Теперь, спустя много десятилетий, весьма не просто восстановить реальную картину происходившего в пораженной голодом России. Так же не просто понять и истинные причины поспешного разгона Всероспомгола. Созданный решением ВЦИК, получивший широкие полномочия, разрекламированный, он просуществовал менее шести недель. 8 сентября 1921 г. "Правда" уже опубликовала сообщение об арестах ряда членов Всероспомгола. Их обвиняли в связях с "антоновщиной", в антиправительственной агитации и, нетрудно догадаться, в преступных сношениях с заграницей. Вероятно, одной из причин, побудивших правительство к срочным мерам по ликвидации комитета, было обращение Всероспомгола за помощью к патриарху Тихону. После Всезаграничного собора русских архиереев-эмигрантов в Сербии, в Карловцах Сремских (Карловацкий раскол), провозгласившего большинством в 86 голосов против одного основной задачей Русской православной церкви восстановление в России монархии 14, отношения молодого советского государства с церковью резко ухудшились. Ведь Собор открылся с благословения Святейшего патриарха. Обращение комитета к Тихону могло быть расценено правительством как вызов.

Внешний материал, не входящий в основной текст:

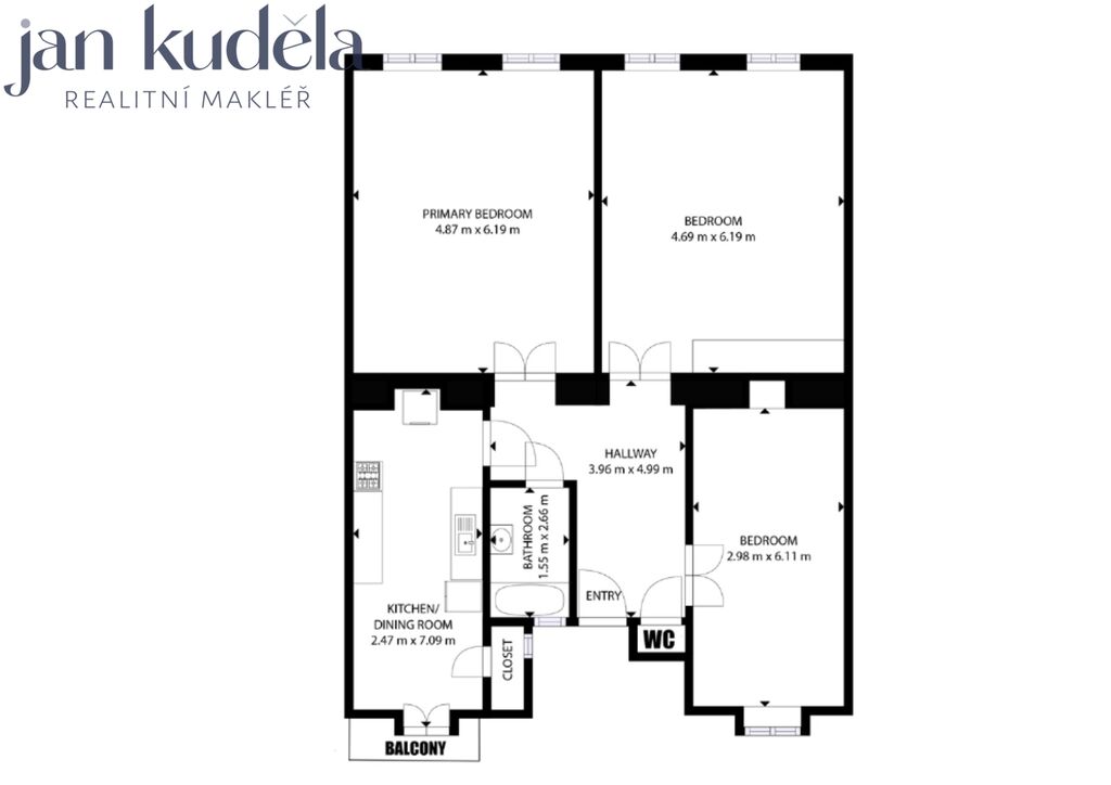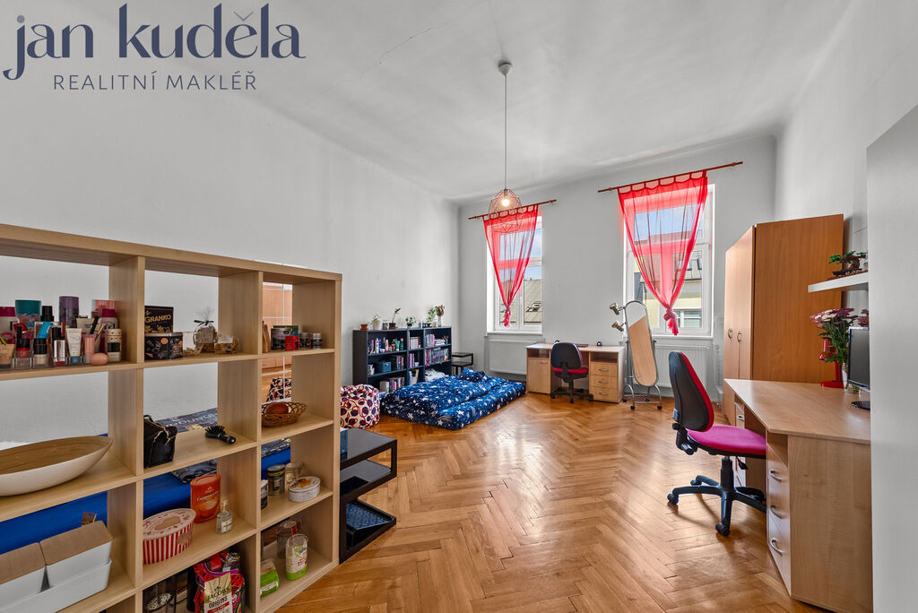 Dispozičně byt nabízí tři samostatné pokoje – dva jsou orientovány do ulice a jeden do klidného vnitrobloku. Kuchyně je rovněž situována do vnitrobloku s balkonem o velikosti 3,45 m2. V současné chvíli jsou všechny pokoje neprůchozí, nicméně dispozici je možné upravit tak, aby pokoje na sebe navazovaly a byly průchozí.
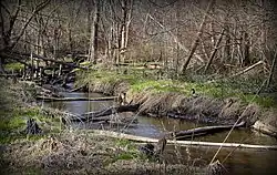 Ingersol Creek at Novi, close-up demonstrating wildlife habitat. At the time of this photo the city had begun tree removal and road construction within the greater riparian zone.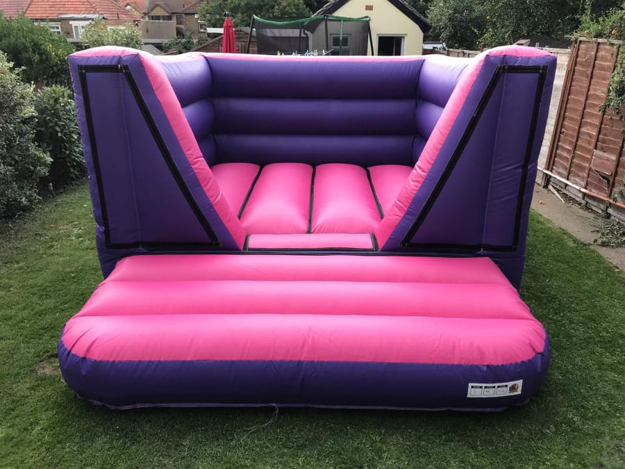 We have just about every shape and size available, but what we really want to add was a super low-height offering. That's exactly what these bouncy castles offer. Not only that, but we wanted to make sure we had a girly one. We already had a low height h-frame available in blue, but was lacking a pink one. These two castles break from the traditional "A-frame" and "H-frame" design with turrets, and instead are called a "V-front" (for obvious reasons). The fact they do not have protruding turrets means that shave off a lot of height (but still have good, safe high walls), making them only 6.5 foot tall!

Однако, думается, реальной причиной разгона общественного комитета было, в сущности, то же, что тремя годами ранее привело к разгону Учредительного собрания, - опасение, что обузданная, лишенная политического влияния, прессы, организационных структур, но не умершая оппозиция получит в лице комитета помощи голодающим организационную форму, с которой при полной дискредитации "военного коммунизма" невозможно будет не считаться. Имелся и еще один аспект: за годы "военного коммунизма" успели в значительной мере сложиться и определенный стиль руководства, который ныне мы называем "командным", и административная система, ставшая проводником командных импульсов. В эту систему уже входил и весьма разросшийся аппарат "чрезвычайных" учреждений. В той поддержке, которую Всероспомгол получил от не ликвидированных еще форм общественно-экономической деятельности, в частности от кооперативов, административная система безошибочно усмотрела вызов своему существованию. Михаил Осоргин писал во "Временах": "Нескольких дней оказалось достаточно, чтобы в голодные губернии отправились поезда картофеля, тонны ржи, возы овощей - из центра и Сибири, как в кассу общественного комитета потекли отовсюду деньги, которых не хотели дать комитету официальному *. Огромная работа была произведена разбитыми, но еще не вполне уничтоженными кооперативами, и общественный комитет, никакой властью не облеченный, опиравшийся лишь на нравственный авторитет образовавших его лиц **, посылал всюду распоряжения, которые исполнялись с готовностью и радостно всеми силами страны..." 15.